Thinking about where people spend the most time online, in other places besides search and browsing, email is on that next list, as [are] other apps. So those are the two protections that we started to focus on next.

We're not asking people to switch their email provider or email service. We're saying more like, 'the same inbox, more privacy.'

For email, in the simplification that we're trying to do, we're not asking people to switch their email provider or email service. We're saying more like, "the same inbox, more privacy." The same way we've been doing with our browser extension. So you can keep your current email provider, but you get this new email address — or set of addresses you can generate — that get delivered to your regular inbox with trackers removed. And then app tracker blocking for Android, initially, will help protect you and all the other apps you use. We're gonna make all that third-party tracking kind of go away on Android.

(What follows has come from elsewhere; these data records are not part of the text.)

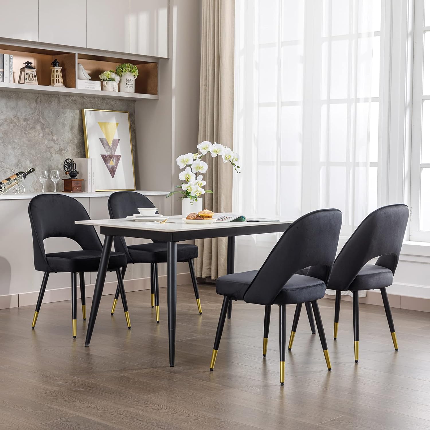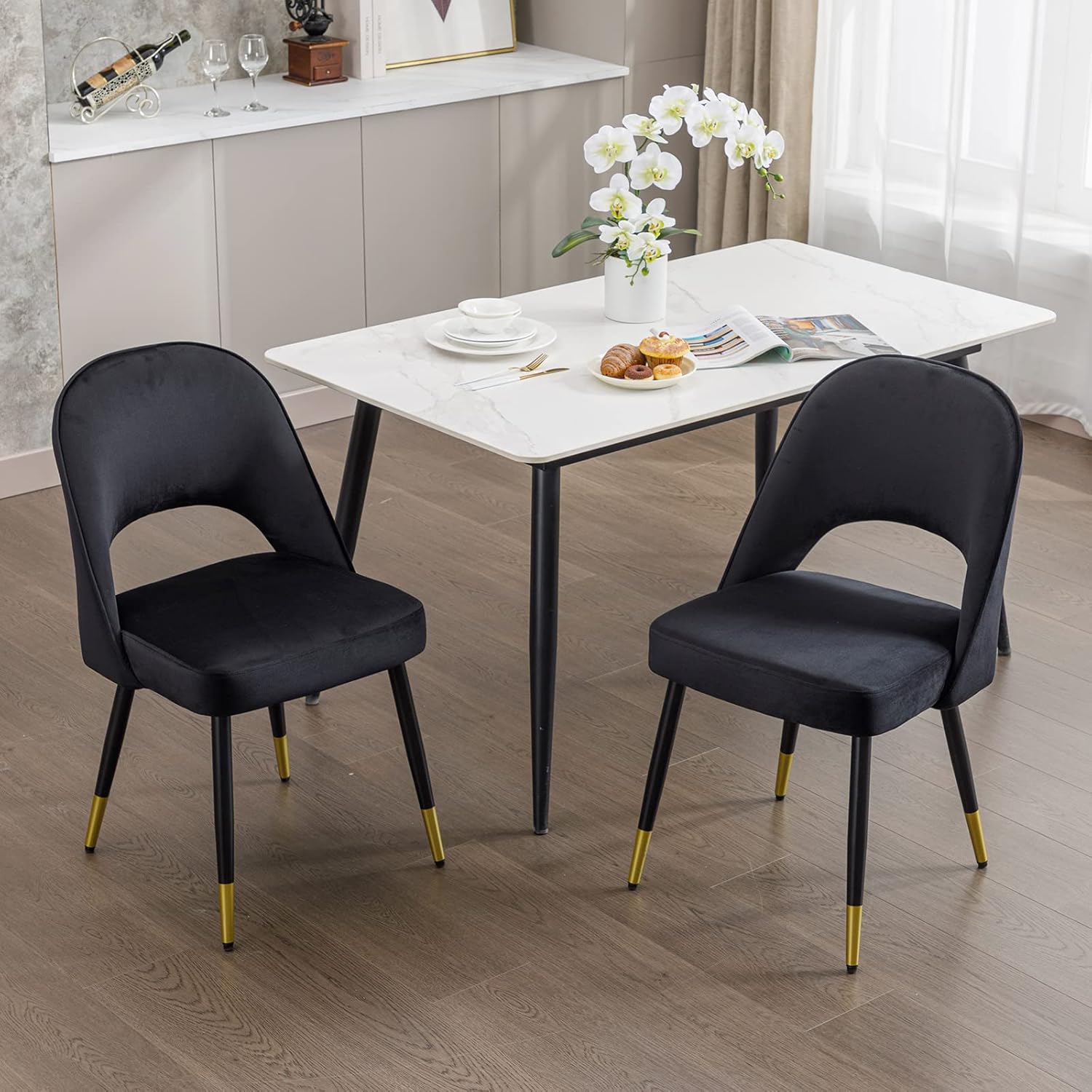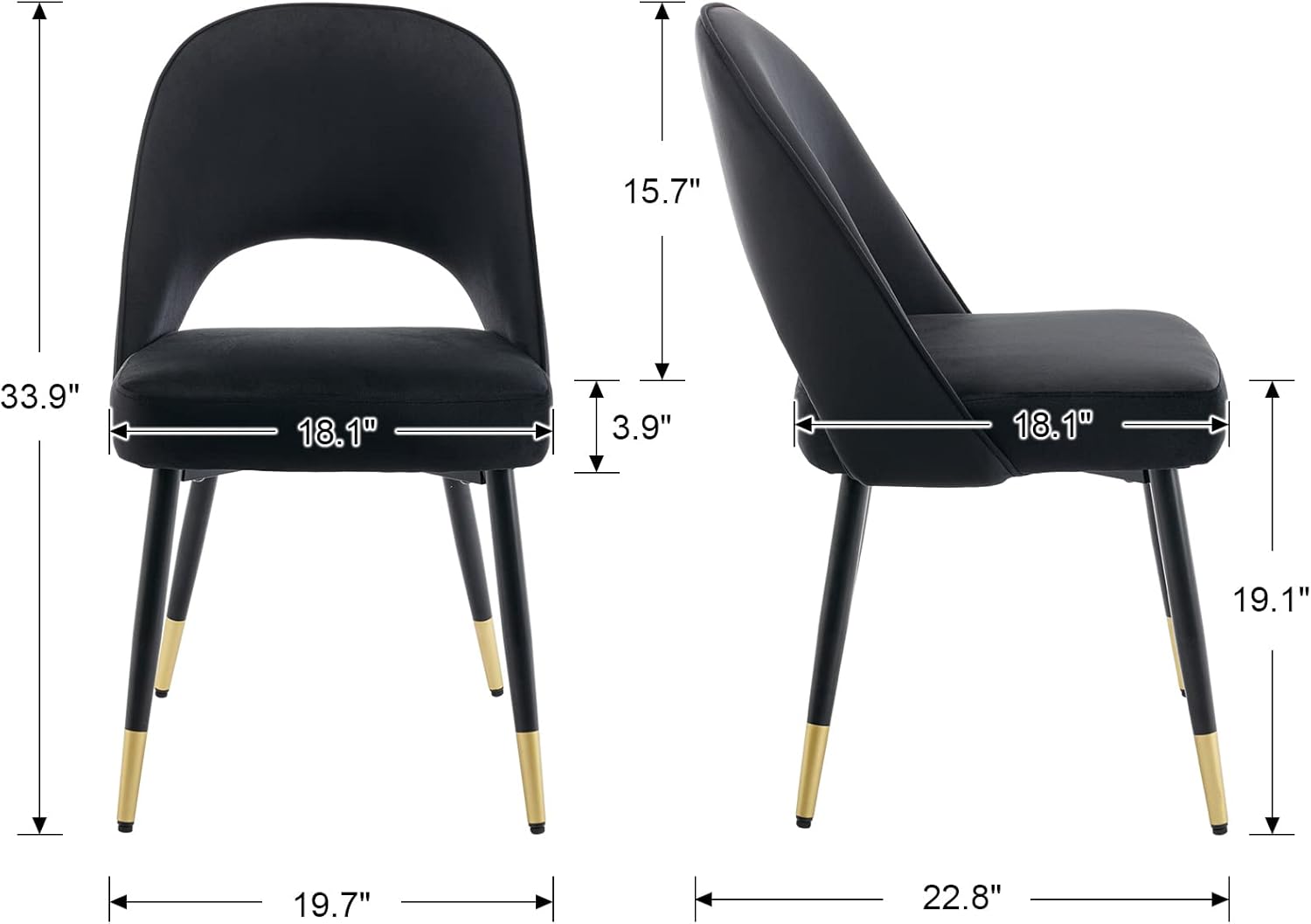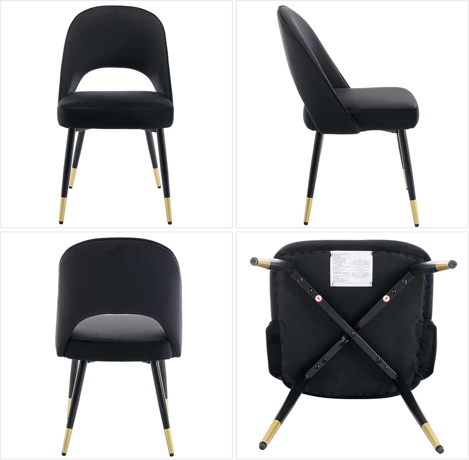 DUOMAY Modern Dining Chair Set of 8 with Open Back, Velvet Upholstered Armless Chair with Metal Frame Side Chair for Kitchen Dining Room Living Room, Black
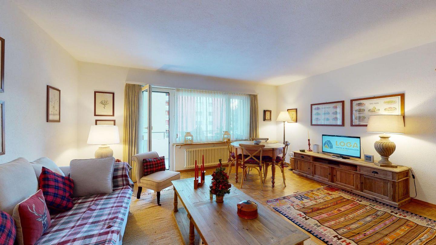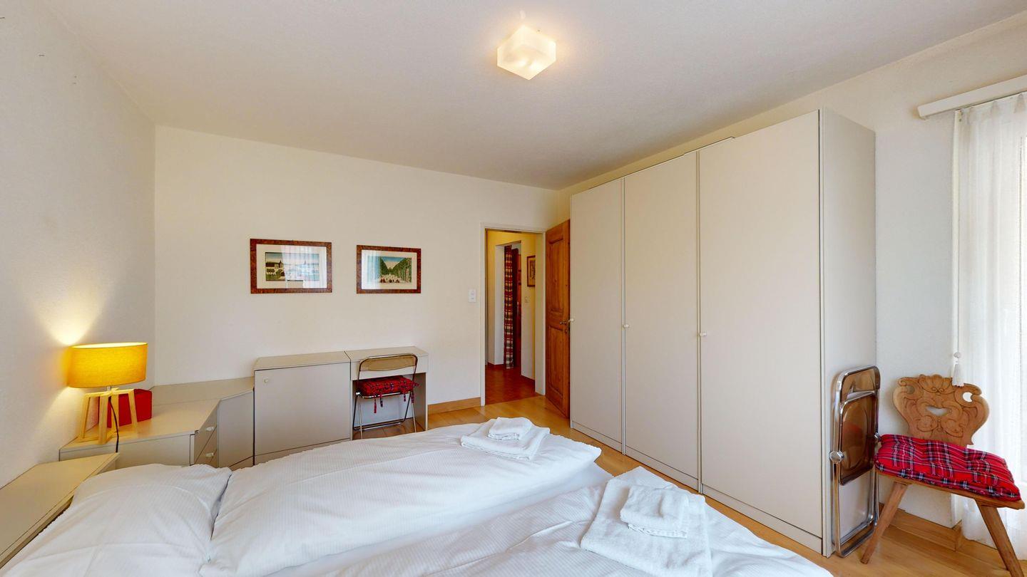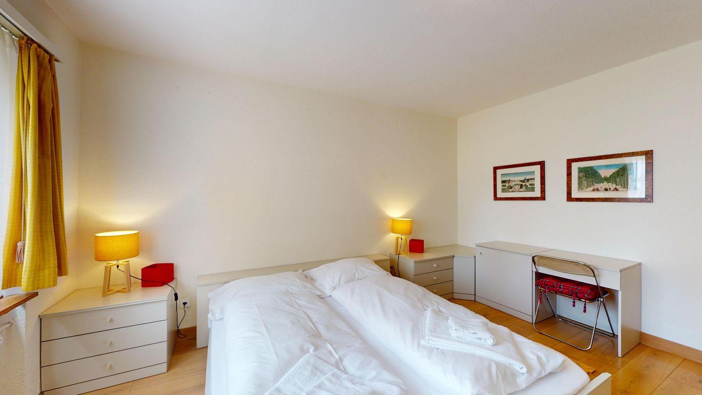 2½ -Zimmerwohnung ca. 72 m² auf der ersten Etage, mit Lift. Entree mit Garderobe und einem Einzelbett. Wohn-/ Esszimmer mit Ausgang zum Süd-Balkon. Radio/TV und Internet. Separate Küche mit Fenster, Geschirrspüler, Backofen, Kühlschrank mit kleinem Gefrierfach. Bad/WC/Bidet/Lavabo. Doppelschlafzimmer. Waschküche zur Benützung (gegen Bezahlung). Garagenboxparkplatz (nicht für grössere Autos geeignet). Kein Ski- oder Veloraum
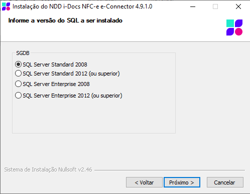 Selecione o Sistema Gerenciador de Banco de dados a ser utilizado pelo Connector NFC-e. Os SGBD’s compatíveis com o módulo e-Connector NFC-e são:
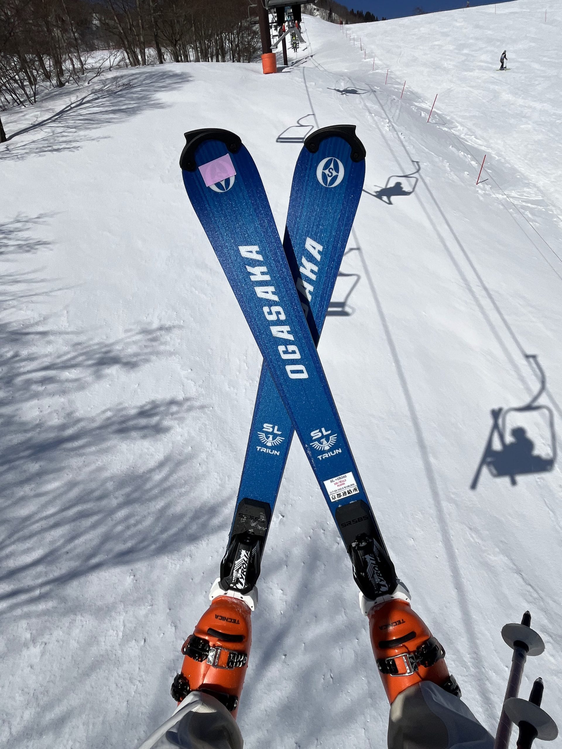 オガサカの小回り用スキーの定番TC-Sに続いて昨年試乗して良い印象だったスラローム用スキー、トライアンSLにも試乗。
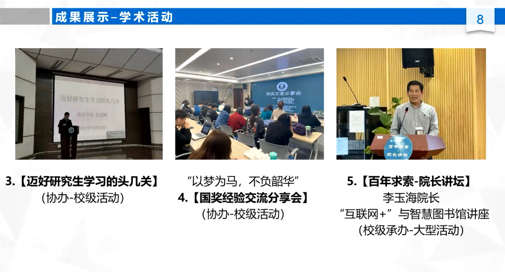 会议第一项,学术发展中心、新媒体中心、文艺体育中心、生活权益中心、办公室与团总支分别就过去一学期以来部门的工作开展情况、遇到的问题以及积累的经验与研会干部进行分享和交流,希望研会干部能够积极拓展工作领域,创新工作形式,努力将我院研究生会工作提升到一个新的水平。
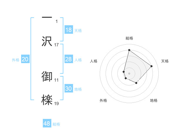 一沢 御檪さんの総格は48画の4点!
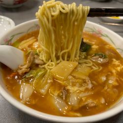 中華屋さんらしくない茹で加減が良くモチモチした中太麺。
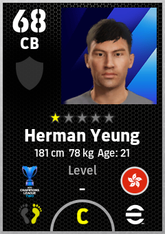 . Herman Yeung is a Center Back footballer from Hong Kong, China who plays for Tai Po Fc in eFootball 2026.
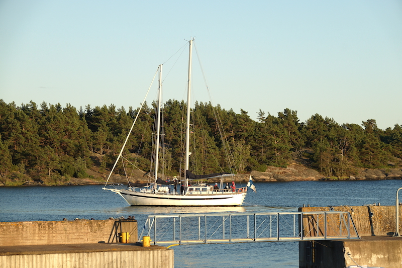 Idästä tuli vielä tuonne isolle laiturille purjevene. Kokoa varmaan liki parikymmentä metriä. Upea ilmestys.
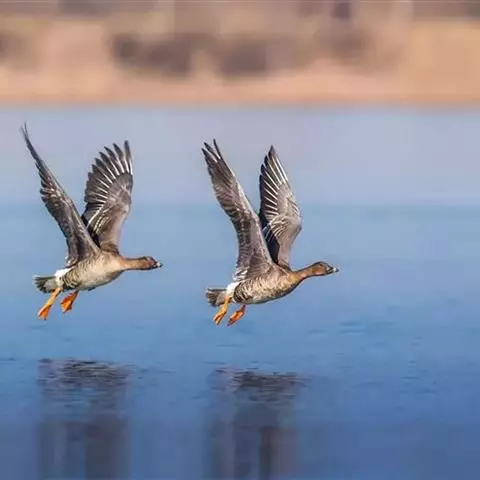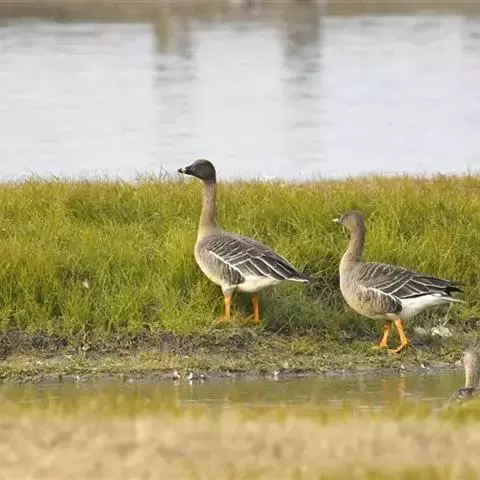 豆雁,雁形目鸭科。成鸟头、颈、背灰褐色,带淡黄色羽缘;尾上覆羽白色,尾羽黑褐色带白端,…
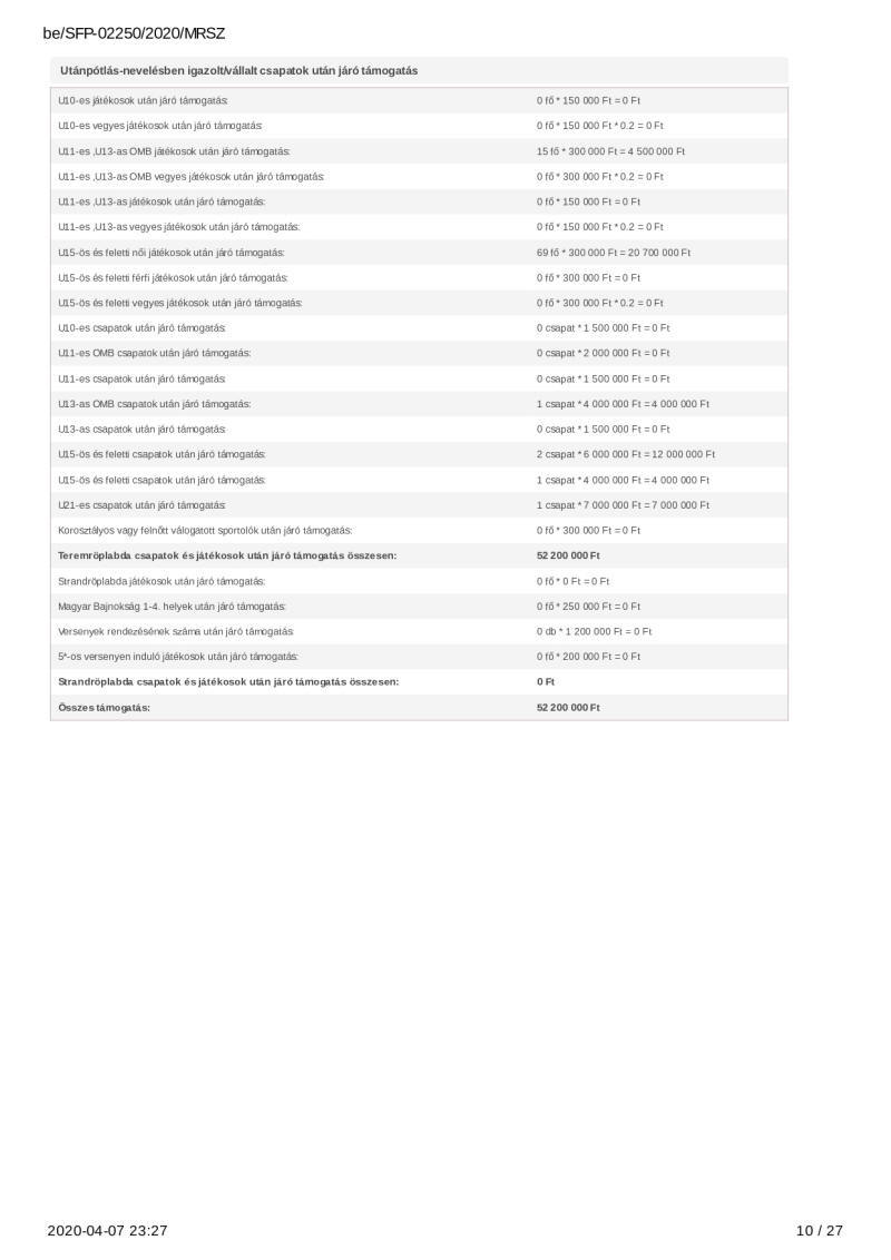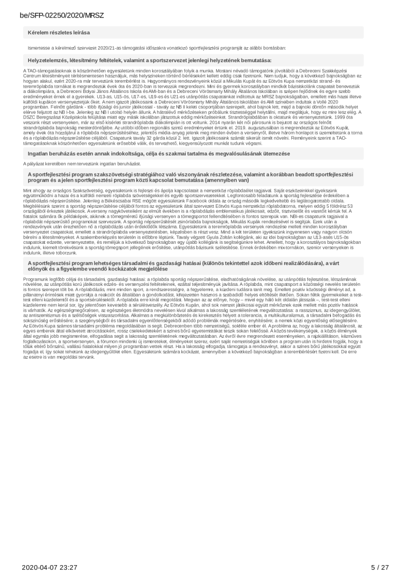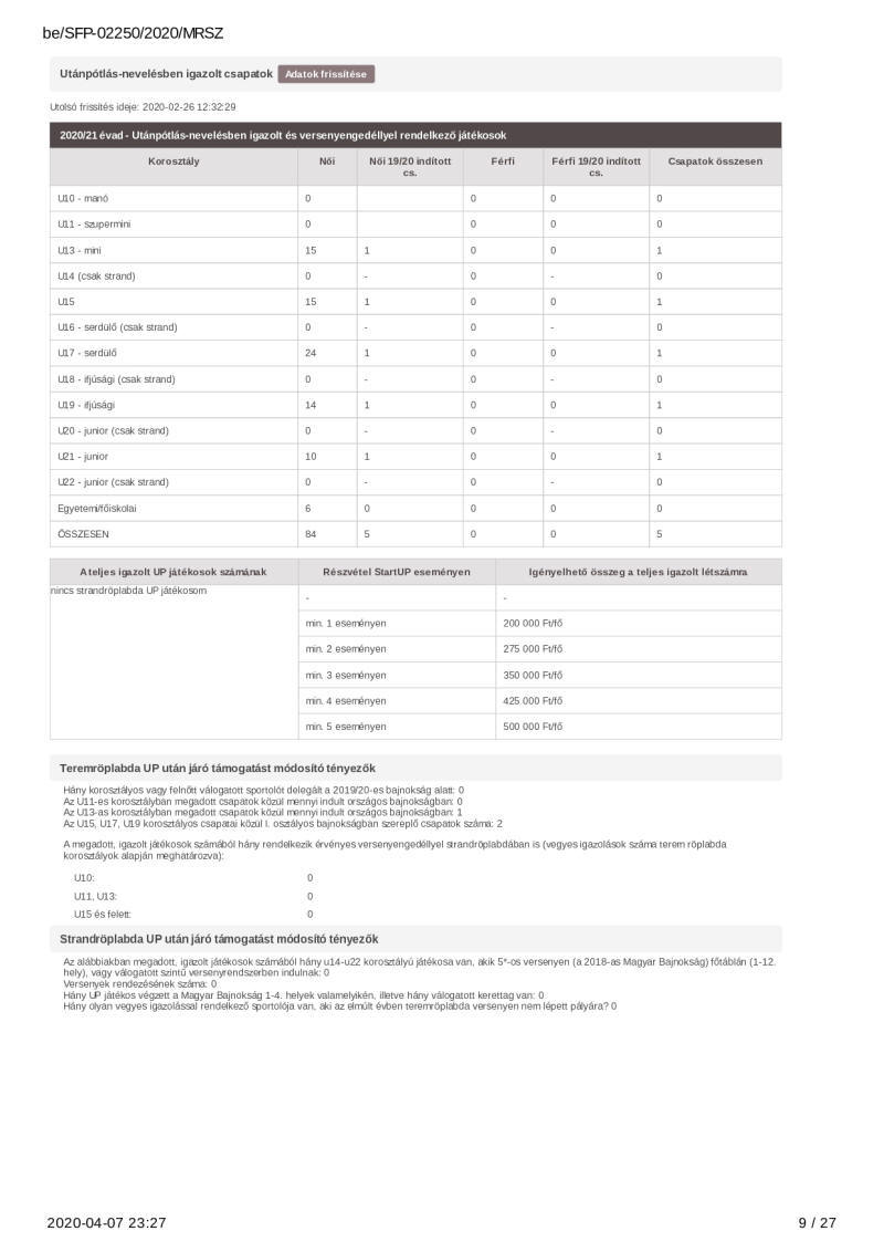 2020. évi sportágfejlesztési program

As people have adopted more tracker blocking on the web, more email tracking has popped up. People are using an email address as the main identifier now in a lot of places. And so it's the natural place to get protection next. And then apps [are another] Wild West, like the web was 10 years ago, where there's just tons of tracking embedded in apps, and it's not transparent. And it's just ripe for someone to come in and help protect it.

Is your way of thinking about it that you want to build privacy layers around those apps, or that you want to build your versions of those apps? You're making me think of that scene in "Silicon Valley" where Jian Yang has the whiteboard and it's like, "New Twitter, New Instagram, New Google." Are you just going to build Private Twitter and Private Instagram and Private Google? Or do you want to become the tracker blocker around all of those existing things?

It's the tracker blocker. We believe "privacy simplified" means not having to change as many workflows as you can. And so ideally you'll use the same websites, the same apps, and they won't break, but you'll get all sorts of new privacy protection.

Now, some apps we think you should switch off. That's the Googles and the Facebooks. Some of them are so big, and they're the main tracking networks that you really probably should avoid. But other things like your general utilities, a DoorDash or something like that, they have trackers embedded in them. We would like to help you just keep visiting those sites and apps, but in a much more privacy-protected way. And if it works well, it'll be seamless. You just set it up once and you're protected.